Hey @timpal0l, the default similarity function of ElasticsearchDocumentStore is dot_product. As the dot product can take any positive or negative value we scale it with expit to a value between 0 and 1. Note, that this does not guarantee a perfect match to receive a value of 1 as the value depends on the magnitudes of the vectors itself and not only their angle. To achieve this, you can set the similarity function to cosine within ElasticsearchDocumentStore.

To correctly understand the second question: do you rather mean the conteXt of the answer?

timpal0l commented 2 years ago

I see, but even if we use plain dot_product, the query = "What is a novel coronavirus?" and the content="What is a novel coronavirus?" does have the exact same embeddings, hence their dot_product would be 1.0 aswell.
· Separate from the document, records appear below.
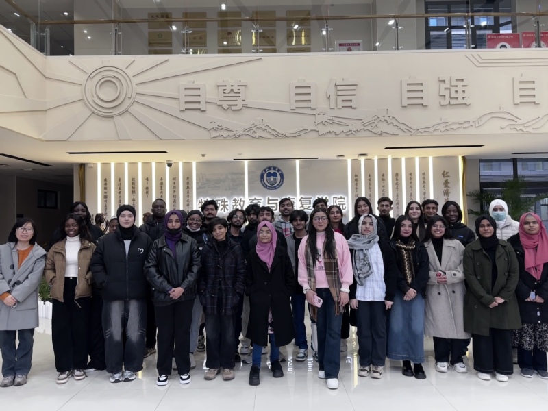 随后,同学们前往特殊教育与康复学院。在讲解员的引导下,大家回顾了我校自1985年开创中国残疾人高等教育先河的历程,深入了解“残健融合、教康结合”的滨医模式。从无障碍图书馆、视障生专用教室,到数字化口腔设计平台与康复技术展厅,先进的设施与人性化的设计让留学生们频频驻足。学院在支持残疾学生实现医师梦想、开展社会康复服务等方面所做出的努力,也深深打动了在场的每一位同学。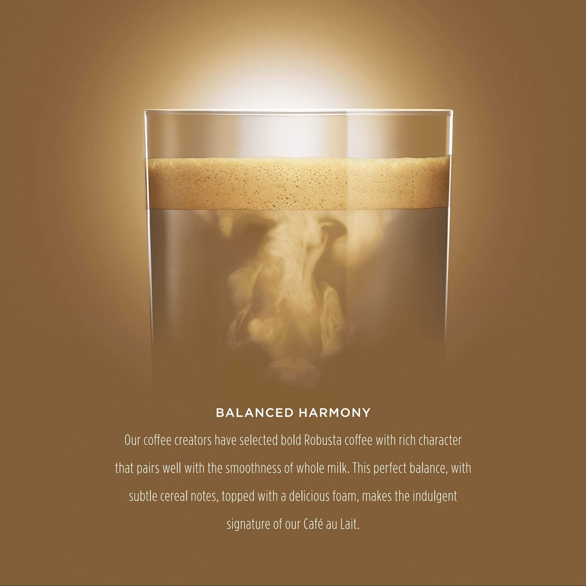 • Nescafe Dolce Gusto Café Au Lait is a rich dark roast coffee beautifully complemented by whole milk to reveal notes of sweet caramel with a smooth velvety texture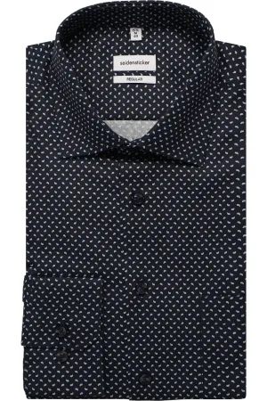 Seidensticker Overhemd donkerblauw, Bedrukt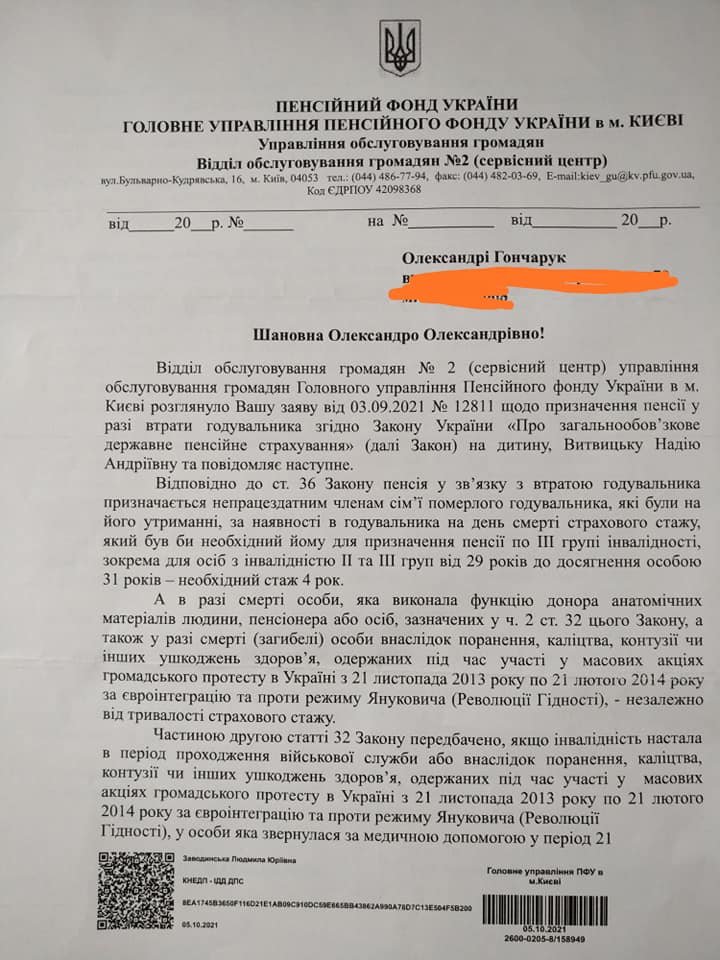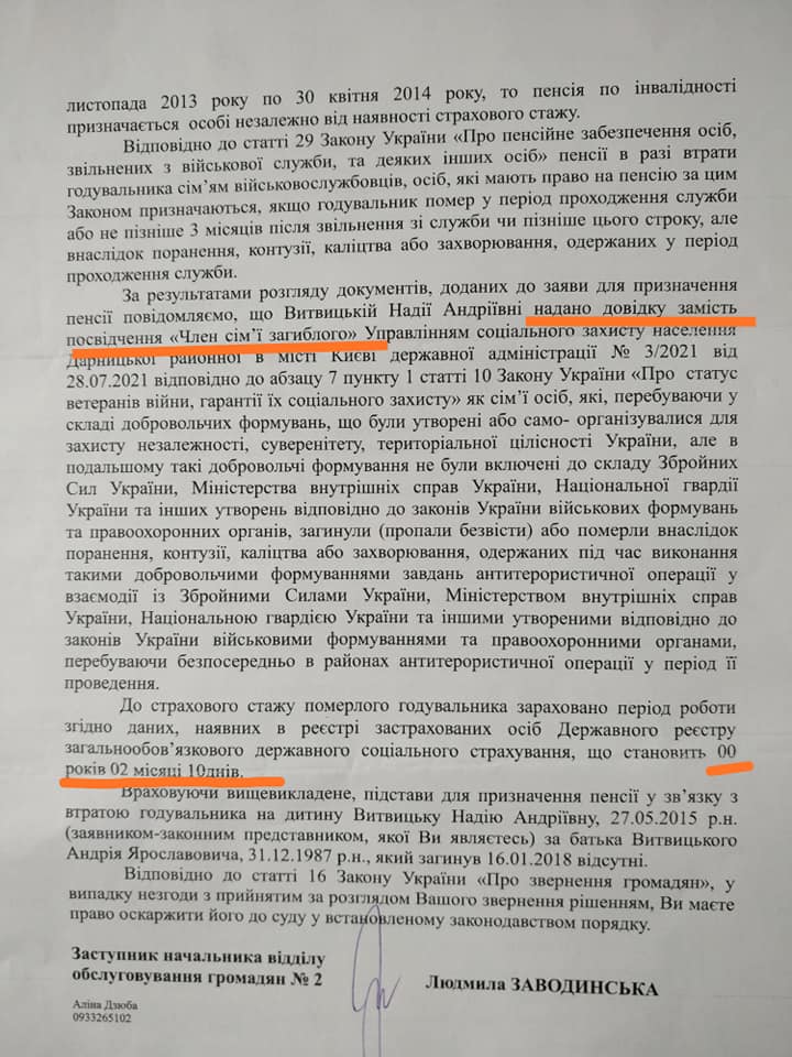 “Перше, що не влаштувало у документах – наявність довідки про статус члена сім’ї загиблого, а не посвідчення. Очевидно, у пенсійному фонді не відомо, що 6-літня дитина не може отримати посвідчення. Друге – відсутність стажу. Очевидно, у пенсійному фонді не розуміють, що доброволець воює 2014-2018 роках без заробітної плати і не може робити відрахування”, – коментує дружина загиблого Олександра Гончарук.
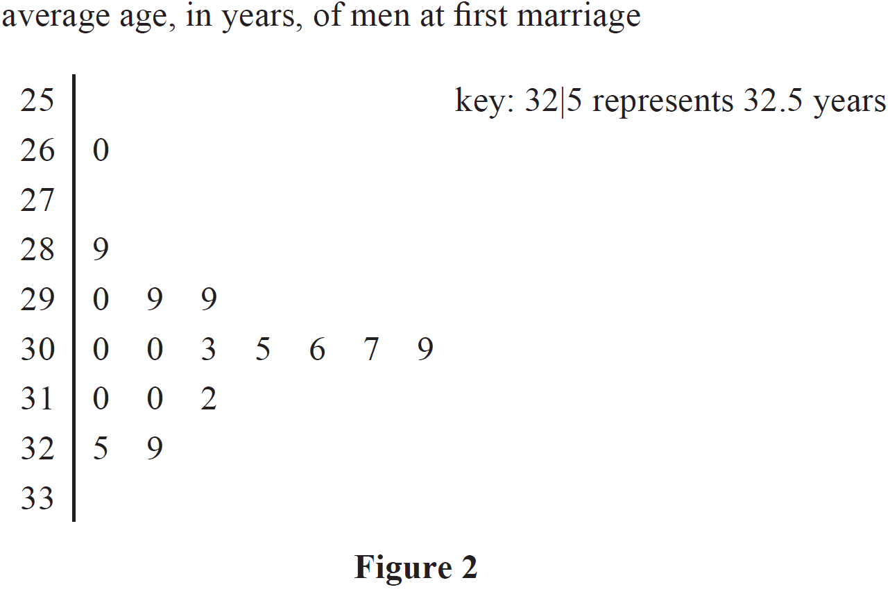 The stemplot in Figure 1 shows the distribution of the average age, in years, at which women first marry in 17 countries. --- 1 WORK AREA LINES (style=lined) --- --- 1 WORK AREA LINES (style=lined) --- The stemplot in Figure 2 shows the distribution of the average age, in years, at which men first marry in 17 countries. --- 3 WORK AREA LINES (style=lined) --- --- 4 WORK AREA LINES (style=lined) ---

Do you have any clue why the dot product between the same texts get 0.6059359910992558?

The second question was probably just me mixing up context and content... 😆

If you follow the FAQ tutorial and query with something that has an exact content, do you get 1.0?

tstadel commented 2 years ago

To answer your first question, the raw dot product here produces a value of sum 40ish (I previously saw that during debugging). As mentioned before, this value coming from the dot product can be anything from -verybignumber to +verybignumber depending on the magnitudes of the vectors (they are not normalized before calculating the dot product). Afterwards we scale this value to something between 0 and 1 by dividing by 100 and applying the expit function. This scaling however has not the property to produce 1 if there is perfect match. It's merely a heuristic to not produce insanely big numbers.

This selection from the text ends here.